А здесь, в горах, наступала величественная ночь с бегущими над Крепостью облаками, ночь, сулящая что-то необыкновенное. И оттуда, с севера, таинственного, не видимого за стенами севера, – он это чувствовал – надвигалась его судьба.

– Доктор, доктор, – выдавил из себя Дрого, – я здоров.

– Мне это известно, – ответил врач. – А вы как думали?

– Я здоров, – повторил Дрого, почти не узнавая собственного голоса. – Я здоров и хочу остаться.

– Остаться здесь, в Крепости? Вы передумали, не хотите уезжать? Что с вами?

– Не знаю, – ответил Дрого. – Но уехать я не могу.

– О-о! – воскликнул, подходя к нему, Рови-на. – Если вы не шутите, ей-богу, я этому только рад.

– Нет, не шучу, – сказал Дрого, чувствуя, как на смену возбуждению приходит какое-то странное томительное чувство, похожее на счастье. – Доктор, можете выбросить ту бумажку.

X

Это не могло не случиться; так было, вероятно, предопределено еще в тот день, когда Дрого впервые вместе с Ортицом подъехал к Крепости и она предстала перед ним в слепящем глаза полуденном блеске.

Дрого решил остаться. Одного желания, одних мечтаний о подвигах тут было бы, пожалуй, недостаточно.

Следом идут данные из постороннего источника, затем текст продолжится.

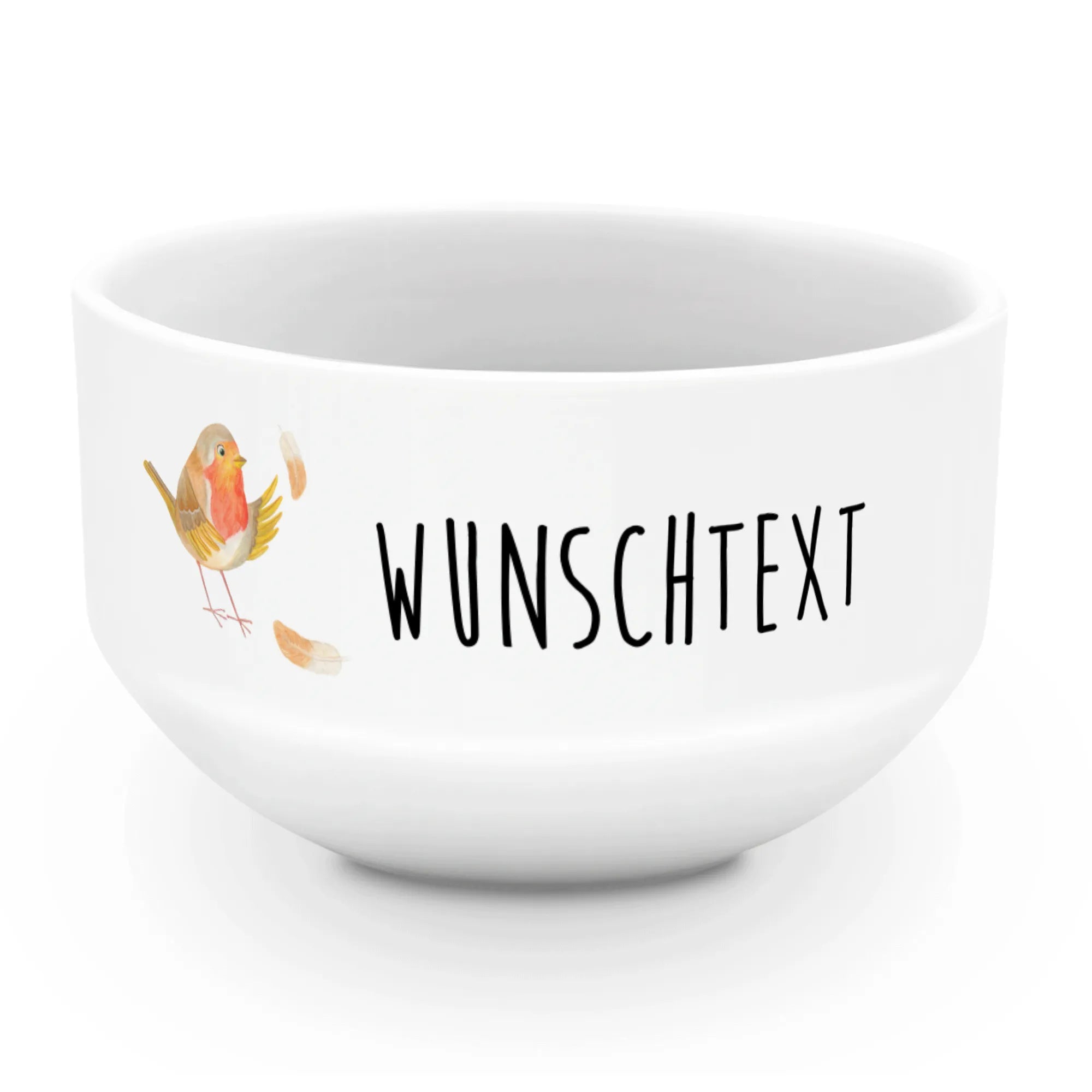 Personalisierte Müslischale Rotkehlchen mit Federn

В тот момент он считал свой поступок заслуживающим всяческих похвал и был искренне удивлен, обнаружив в себе такое благородство. Лишь много месяцев спустя, оглянувшись назад, он поймет, какие, в сущности, ничтожные мелочи удержали его в Крепости.

Пусть бы протрубили тревогу, пусть бы грянули военные марши, а с севера пришли вести о надвигающейся опасности – это не остановило бы его; но в нем уже пустили корни рутина, воинское тщеславие, привязанность к этим стенам, которые стали привычным атрибутом его повседневной жизни. Хватило четырех месяцев, чтобы размеренный ритм службы засосал его.

Он привык нести дежурства по караулу, которые вначале казались невыносимо утомительными, постепенно усвоил требования устава, изучил любимые словечки и причуды начальства, топографию редутов, посты часовых, уголки, где можно было укрыться от ветра, сигналы труб. Овладевая секретами службы, он испытывал какое-то особое удовольствие и стал пользоваться уважением солдат и сержантов. Сам Тронк, убедившись, что Дрого – человек серьезный и аккуратный, по-своему привязался к нему.

Он так близко сошелся с офицерами гарнизона, что теперь даже самые изощренные их шутки и намеки не заставали его врасплох; вечерами они все вместе подолгу обсуждали городскую жизнь, к которой из-за отдаленности питали повышенный интерес.

Он привык к хорошему столу и удобной столовой, к уютному камину в офицерской гостиной – огонь в нем поддерживался круглосуточно; к заботливому денщику – добрейшему парню по имени Джеронимо, постепенно научившемуся предупреждать все его желания.

Привык вместе с Морелем время от времени ездить в ближайшее селение: добрых два часа верхом по узкому ущелью, которое он знал теперь как свои пять пальцев; привык к трактиру, где можно было наконец увидеть новые лица, где подавали роскошный ужин и звенел веселый смех девушек, всегда готовых одарить гостя любовью.

Привык к бешеным скачкам на лошадях по эспланаде перед Крепостью: в свободное время там можно было посостязаться с товарищами в ловкости; к тихим вечерам за шахматами, не обходившимся, правда, без обид, когда партии завершались победой Дрого. (Капитан Ортиц говаривал: «Новичкам всегда везет. Все через это проходят – каждый думает про себя, что он выдающийся игрок, а дело-то в новизне… со временем и остальные овладевают его приемами, и в один прекрасный день у него уже ничего не получается».)

Привык к своей комнате и мирному чтению по ночам, к напоминающей голову турка трещине в потолке над кроватью и к бульканью цистерны, со временем ставшему совсем домашним, к ямке от своего тела в матраце, к постели – поначалу такой неуютной, а теперь обмятой и послушной, к точно рассчитанному и уже автоматическому движению руки, которым он гасил керосиновую лампу или клал книгу на тумбочку. Он уже знал, как лучше расположиться утром перед зеркалом для бритья, чтобы свет падал на лицо под нужным углом, как наливать воду из кувшина в тазик, чтобы не набрызгать на пол, как справиться с непослушным замком одного из ящиков, отогнув ключ чуть-чуть книзу.